Using Terraform and Elastic Kubernetes Service, the AWS platform creates a modern, infrastructure-as-code, HIPAA-compliant, and HITRUST-certified environment. With the help of serverless components, tools were developed to roll out an Application Envelope, enabling the creation of a HIPAA-compliant environment that could be activated quickly.
Currently, Zipnosis has internal platform management. Now that there is more flexibility, scaling up and down is more affordable and accessible. Their services are more marketable to potential clients because of their scalable, secure, and efficient infrastructure. Their use of modern technologies, such as Kubernetes on Amazon EKS, simplifies hiring top people. Zipnosis is in an excellent position to move forward.
Case Study - 6: Transforming Healthcare Staffing
The customer's outdated application presented difficulties. It was based on the outdated DBROCKET platform and needed an intuitive user interface, testing tools, and extensibility. Modernizing the application was improving the job and giving the customer an improved, scalable, and maintainable solution.
Although the customer's old application was crucial for predicting hospital staffing needs, maintenance, and improvements were challenging due to its reliance on the obscure DBROCKET platform. Hospitals lost money on inefficient staff scheduling due to the application's lack of responsiveness and a mobile-friendly interface.

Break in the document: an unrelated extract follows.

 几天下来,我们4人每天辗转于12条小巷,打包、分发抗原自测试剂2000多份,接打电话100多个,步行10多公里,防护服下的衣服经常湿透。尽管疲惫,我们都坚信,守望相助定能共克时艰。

Choosing Spring Boot and Groovy for back-end development to offer better maintainability and extensibility throughout the improved migration of the application from DBROCKET to a new technology stack. Unit tests were used to increase the reliability and standard of the code.

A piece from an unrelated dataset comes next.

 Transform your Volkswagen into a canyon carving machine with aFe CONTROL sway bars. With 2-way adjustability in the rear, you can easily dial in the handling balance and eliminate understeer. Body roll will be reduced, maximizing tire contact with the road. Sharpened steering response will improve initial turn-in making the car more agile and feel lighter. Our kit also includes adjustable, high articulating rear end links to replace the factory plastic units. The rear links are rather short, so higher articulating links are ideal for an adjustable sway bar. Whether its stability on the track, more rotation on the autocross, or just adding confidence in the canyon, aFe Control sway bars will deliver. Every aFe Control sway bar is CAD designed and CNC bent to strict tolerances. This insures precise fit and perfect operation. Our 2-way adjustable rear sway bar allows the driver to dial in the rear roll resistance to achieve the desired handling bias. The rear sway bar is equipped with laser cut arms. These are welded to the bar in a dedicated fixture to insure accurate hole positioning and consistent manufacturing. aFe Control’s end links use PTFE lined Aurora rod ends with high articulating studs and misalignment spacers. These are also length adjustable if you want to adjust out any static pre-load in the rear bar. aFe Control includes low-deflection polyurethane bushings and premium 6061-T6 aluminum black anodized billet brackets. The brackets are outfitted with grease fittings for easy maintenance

Efficiency at Catalis increased dramatically when the advanced document redaction technology was put in place. They were able to process papers at a significantly higher rate because the automated procedure cut down the time and effort needed for manual redaction.
Catalis cut infrastructure costs by utilizing serverless architecture and cloud-based services. They saved a significant amount of money because they were no longer required to upgrade and maintain on-premises servers.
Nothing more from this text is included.